» Exercise data:

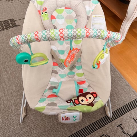 Doomoo vauvan säkkituolimainen sitteri. Lisäksi tulee alusta millä saa keinutettua säkkituolia sekä puuvarsi johon voi ripustaa leluja.
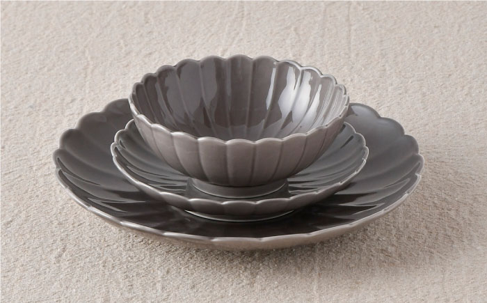 普段の食卓を華やかにしてくれる器 【波佐見焼】RINKA プレート ボウル 3点セット グレー 食器 皿 【長十郎窯】 [AE31]
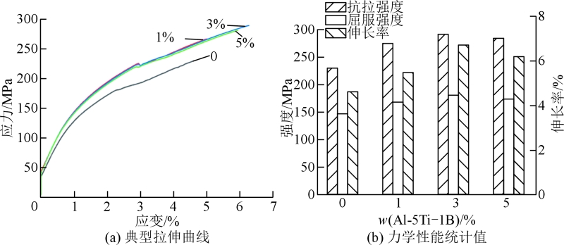 图11 不同Al-5Ti-1B添加量时TiB2/ADC12铝合金的力学性能
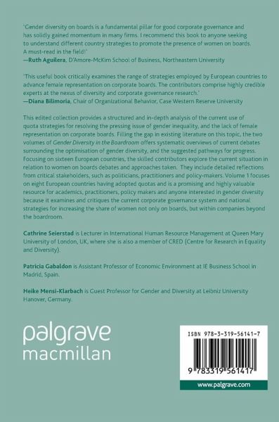 1. Setting the Scene: Women on Boards in Countries with Quota Regulations; Heike Mensi-Klarbach, Cathrine Seierstad and Patricia Gabaldon.- 2. Gender Quotas on Corporate Boards in Norway: 10 Years Later and Lessons Learned; Cathrine Seierstad and Morten Huse.- 3. Spain - Gender Diversity on Boards in Spain: A Non-Mandatory Quota; Patricia Gabaldon and Daniela Gimenez.- 4. Gender Diversity on Boards in Iceland: Pathway to Gender Quota Law Following a Financial Crisis; Audur Arna Arnadottir and Throstur Olaf Sigurjonsson.- 5. France - Gender Diversity on French Boards: Examples of Success from a Hard Law; Emmanuel Zenou, Isabelle Allemand and Bénédicte Brullebaut.- 6. Women on Boards in Italy: The Pressure of Public Policies; Alessandra Rigolini and Morten Huse.- 7. Belgium - Male/Female United in the Board Room; Abigail Levrau.- 8. The Netherlands - Gender Diversity on Corporate Boards in the Netherlands: Waiting on the World to Change; Sonja Kruisinga and Linda Senden.- 9. Germany - Women's Access to Boards in Germany: Regulation and Symbolic Change; Anja Kirsch.- 10. Gender Diversity in the Boardroom: The Multiple Versions of Quota Laws in Europe; Patricia Gabaldon, Heike Mensi-Klarbach and Cathrine Seierstad.
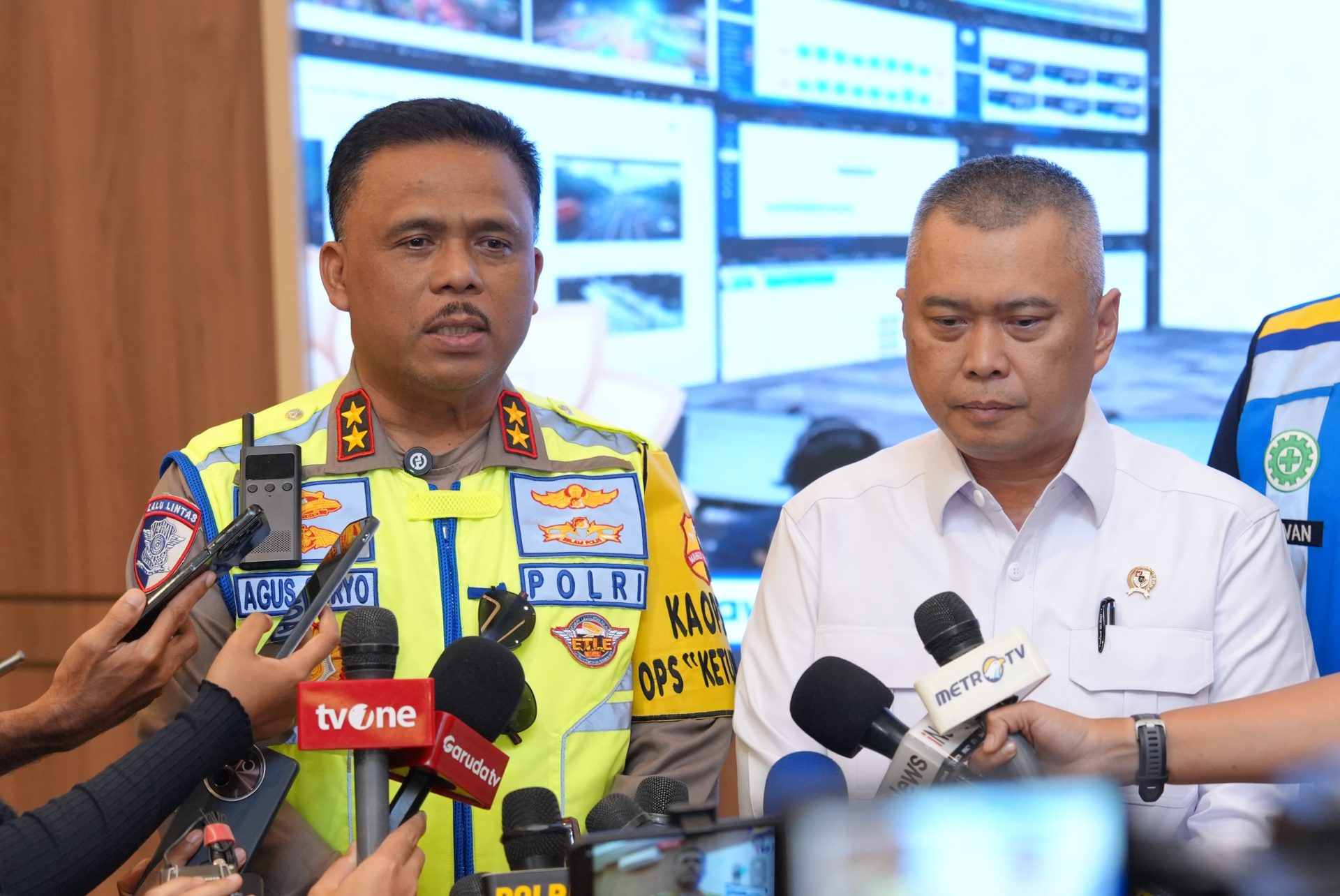 Kepala Korps Lalu Lintas (Kakorlantas) Polri Irjen Agus Suryonugroho bersama Menteri Perhubungan (Menhub) Dudy Purwagandhi melakukan peninjauan langsung ke Jasa Marga Toll Road Command Center...

» What is needed: Would you restate word for word only the lines from the line with "图11 不同Al-5Ti-1B添加量时TiB2/ADC12铝合金的力学性能" to the last line above, with the pictures left out?

» Exercise output:
 图11 不同Al-5Ti-1B添加量时TiB2/ADC12铝合金的力学性能
 1. Setting the Scene: Women on Boards in Countries with Quota Regulations; Heike Mensi-Klarbach, Cathrine Seierstad and Patricia Gabaldon.- 2. Gender Quotas on Corporate Boards in Norway: 10 Years Later and Lessons Learned; Cathrine Seierstad and Morten Huse.- 3. Spain - Gender Diversity on Boards in Spain: A Non-Mandatory Quota; Patricia Gabaldon and Daniela Gimenez.- 4. Gender Diversity on Boards in Iceland: Pathway to Gender Quota Law Following a Financial Crisis; Audur Arna Arnadottir and Throstur Olaf Sigurjonsson.- 5. France - Gender Diversity on French Boards: Examples of Success from a Hard Law; Emmanuel Zenou, Isabelle Allemand and Bénédicte Brullebaut.- 6. Women on Boards in Italy: The Pressure of Public Policies; Alessandra Rigolini and Morten Huse.- 7. Belgium - Male/Female United in the Board Room; Abigail Levrau.- 8. The Netherlands - Gender Diversity on Corporate Boards in the Netherlands: Waiting on the World to Change; Sonja Kruisinga and Linda Senden.- 9. Germany - Women's Access to Boards in Germany: Regulation and Symbolic Change; Anja Kirsch.- 10. Gender Diversity in the Boardroom: The Multiple Versions of Quota Laws in Europe; Patricia Gabaldon, Heike Mensi-Klarbach and Cathrine Seierstad.
 Kepala Korps Lalu Lintas (Kakorlantas) Polri Irjen Agus Suryonugroho bersama Menteri Perhubungan (Menhub) Dudy Purwagandhi melakukan peninjauan langsung ke Jasa Marga Toll Road Command Center...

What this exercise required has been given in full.